*** RECORDS FOR THE EXERCISE Section Begins ***
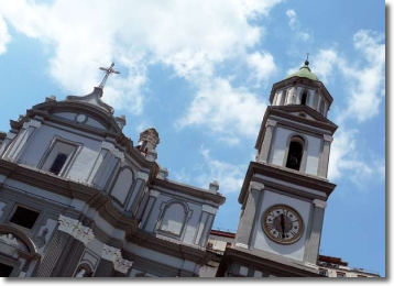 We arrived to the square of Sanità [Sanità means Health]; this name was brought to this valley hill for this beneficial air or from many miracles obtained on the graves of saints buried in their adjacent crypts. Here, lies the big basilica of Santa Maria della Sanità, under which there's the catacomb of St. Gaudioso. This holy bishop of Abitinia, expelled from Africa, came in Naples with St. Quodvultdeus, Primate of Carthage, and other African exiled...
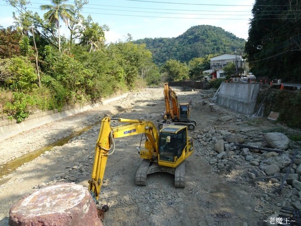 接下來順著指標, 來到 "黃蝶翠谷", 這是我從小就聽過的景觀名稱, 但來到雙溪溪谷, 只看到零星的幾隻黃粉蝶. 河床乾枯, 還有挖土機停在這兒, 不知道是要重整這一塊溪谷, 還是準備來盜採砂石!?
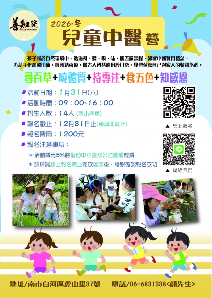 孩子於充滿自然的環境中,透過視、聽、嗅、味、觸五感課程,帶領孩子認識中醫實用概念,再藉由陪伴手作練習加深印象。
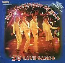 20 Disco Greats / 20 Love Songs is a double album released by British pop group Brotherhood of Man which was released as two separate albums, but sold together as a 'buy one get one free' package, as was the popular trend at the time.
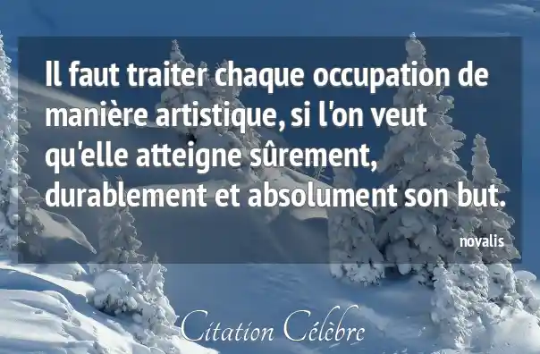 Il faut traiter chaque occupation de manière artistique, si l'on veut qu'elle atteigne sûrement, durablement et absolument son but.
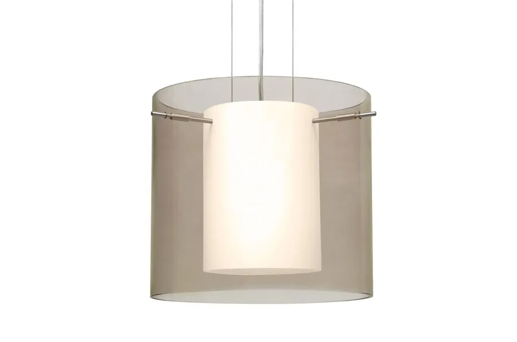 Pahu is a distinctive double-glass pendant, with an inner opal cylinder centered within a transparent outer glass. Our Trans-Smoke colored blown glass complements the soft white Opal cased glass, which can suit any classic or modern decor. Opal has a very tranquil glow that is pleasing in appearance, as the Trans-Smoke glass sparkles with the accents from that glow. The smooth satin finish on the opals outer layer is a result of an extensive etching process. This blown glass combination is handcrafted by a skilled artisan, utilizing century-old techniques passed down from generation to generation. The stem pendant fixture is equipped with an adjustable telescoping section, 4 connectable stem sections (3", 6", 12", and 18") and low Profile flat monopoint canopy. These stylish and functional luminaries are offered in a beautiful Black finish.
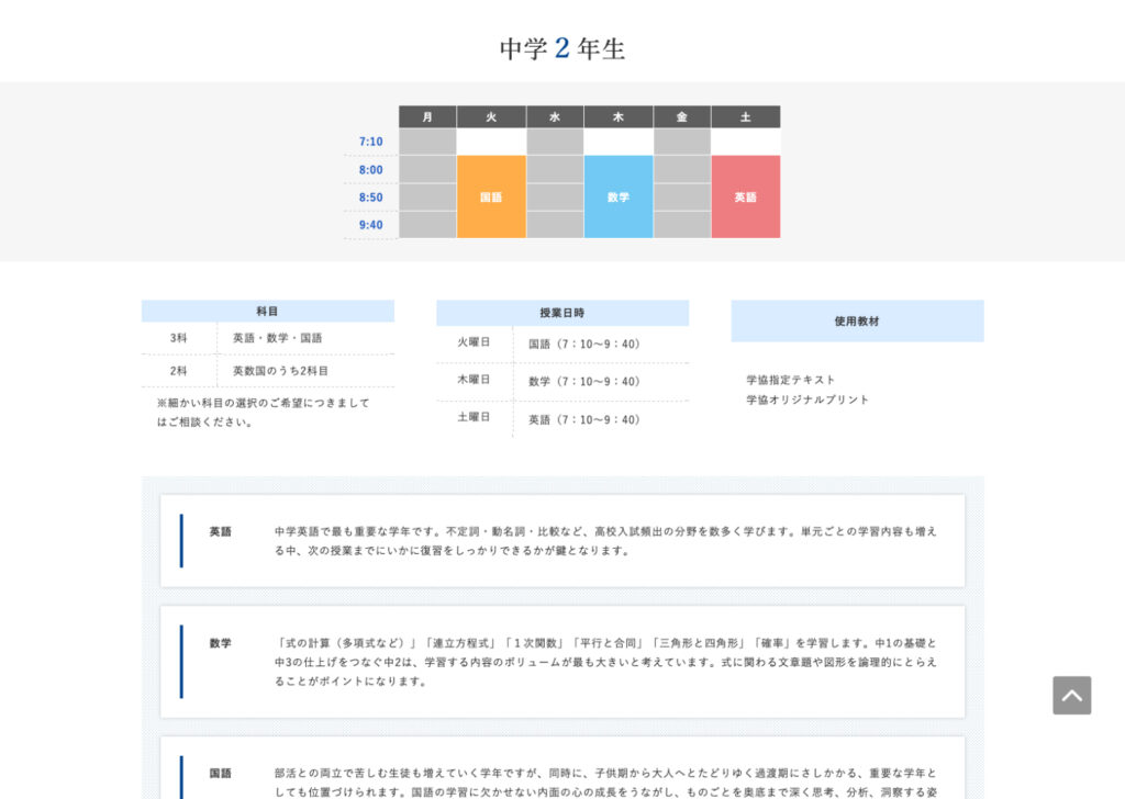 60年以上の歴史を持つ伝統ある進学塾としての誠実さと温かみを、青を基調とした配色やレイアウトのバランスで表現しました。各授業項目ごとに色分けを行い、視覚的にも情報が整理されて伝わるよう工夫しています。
*** RECORDS FOR THE EXERCISE Section Ends ***
Return the opening line of the data above and every line after it up to and including the line that holds "Il faut traiter"; pictures stay out.

 We arrived to the square of Sanità [Sanità means Health]; this name was brought to this valley hill for this beneficial air or from many miracles obtained on the graves of saints buried in their adjacent crypts. Here, lies the big basilica of Santa Maria della Sanità, under which there's the catacomb of St. Gaudioso. This holy bishop of Abitinia, expelled from Africa, came in Naples with St. Quodvultdeus, Primate of Carthage, and other African exiled...
 接下來順著指標, 來到 "黃蝶翠谷", 這是我從小就聽過的景觀名稱, 但來到雙溪溪谷, 只看到零星的幾隻黃粉蝶. 河床乾枯, 還有挖土機停在這兒, 不知道是要重整這一塊溪谷, 還是準備來盜採砂石!?
 孩子於充滿自然的環境中,透過視、聽、嗅、味、觸五感課程,帶領孩子認識中醫實用概念,再藉由陪伴手作練習加深印象。
 20 Disco Greats / 20 Love Songs is a double album released by British pop group Brotherhood of Man which was released as two separate albums, but sold together as a 'buy one get one free' package, as was the popular trend at the time.
 Il faut traiter chaque occupation de manière artistique, si l'on veut qu'elle atteigne sûrement, durablement et absolument son but.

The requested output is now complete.